Nfld. & Labrador

N.L. offers Ontario relief medical staff through COVID-19 third wave, premier says

"Newfoundland and Labrador is a small province, but we recognize the significant impact this is having on Canadians living in Ontario. And we want to be able to help," says Andrew Furey.

Support will include medical personnel, not vaccines

N.L. premier offers COVID-19 support to Ontario

1 year ago
Duration 7:16
Newfoundland and Labrador Premier Andrew Furey says he offered Ontario Premier Doug Ford relief and support to medical personnel as the third wave of COVID-19 continues in the province. Furey says his province is happy to provide personnel, expertise and extra equipment where capacity allows. Watch Rosemary Barton Live on Sunday at 10 a.m. ET/7 a.m. PT/11:30 a.m. NT on CBC News Network and CBC Gem.
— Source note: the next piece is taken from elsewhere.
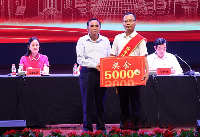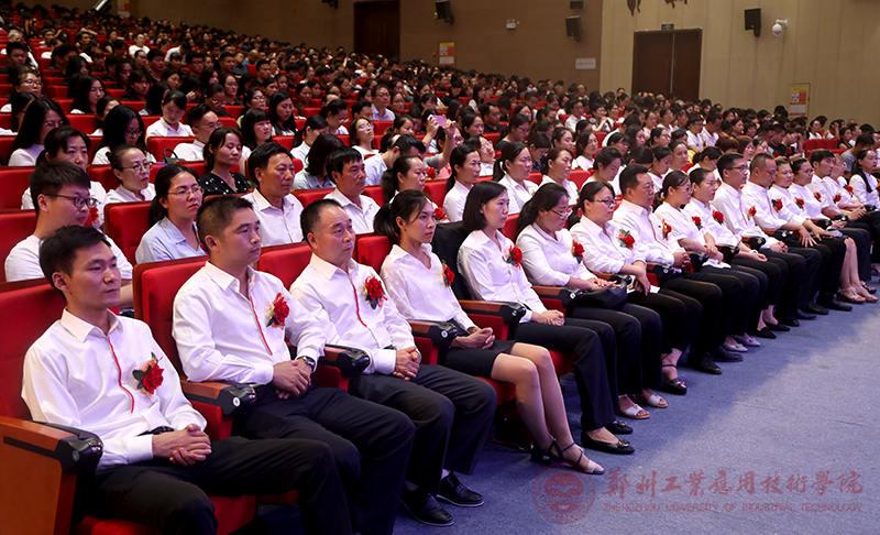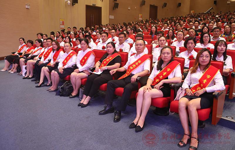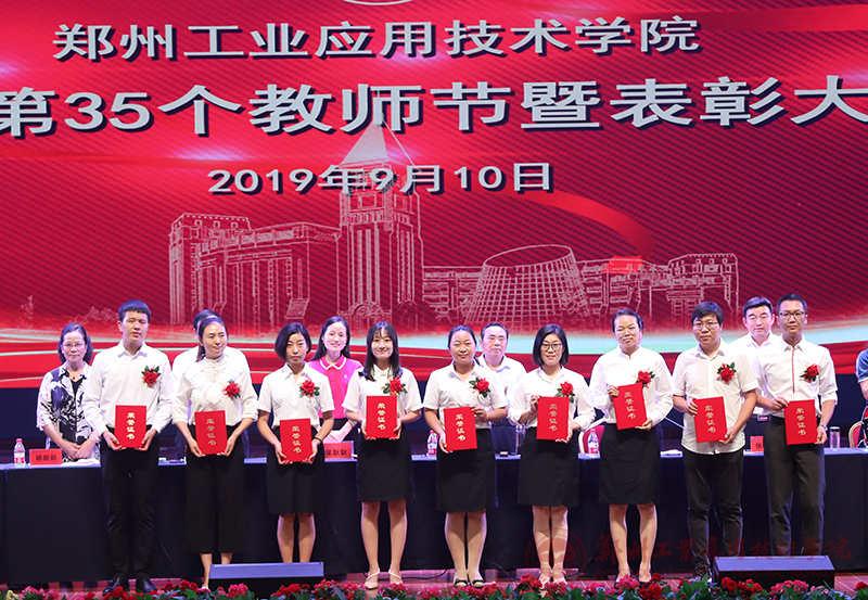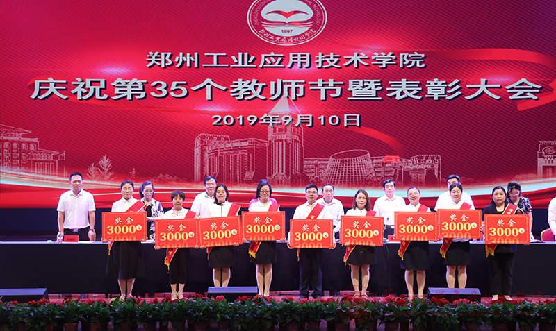 会上,全场气氛热烈而又隆重。校领导刘建、徐春华、杨新新依次宣读了相关表彰文件。在喜庆祥和的音乐声中,与会领导分别为2017年以来获得市级以上荣誉称号的教师, 2019年“郑工最美教师”,2018-2019学年优秀教师、优秀辅导员、先进教育工作者代表颁发荣誉证书,并分别给予5000元、3000元和2000元不等的奖励。

Newfoundland and Labrador Premier Andrew Furey says he spoke to Prime Minister Justin Trudeau on Saturday about providing assistance to Ontario, as that province tackles its third wave of COVID-19.

"We have offered to the prime minister, as we did to Premier [Rob] Ford last week, any support Newfoundland and Labrador could give in terms of personnel, equipment, supplies. Within our own capacity, of course," Furey said Sunday on CBC's Rosemary Barton Live.

"Newfoundland and Labrador is a small province, but we recognize the significant impact this is having on Canadians living in Ontario. And we want to be able to help."

Ontario reported 4,250 new COVID-19 cases and 18 new deaths on Sunday, with more than 2,000 people in hospital, nearly 750 in intensive-care units with COVID-related illness and about 500 people on ventilators. Modelling predicts their caseloads will remain high throughout the summer. 

Furey said sending a group of organized medical professionals to help in COVID-19 units and critica- care units would be "an incredible asset for the people of Ontario."

"And that's what we're trying to organize right now here on the ground."

Support won't include vaccine supply

However, when asked about Ford's management of the pandemic and criticism about not putting public health measures in place sooner, Furey didn't lay blame at Ford's feet. 

"I don't see COVID-19 as recognizing any provincial barriers," Furey said.

"This is the benefit of the federation, when you can call on your neighbours to help in tough times. And Newfoundland and Labrador have always stepped up in tough times of crisis … and we intend to help here and now." 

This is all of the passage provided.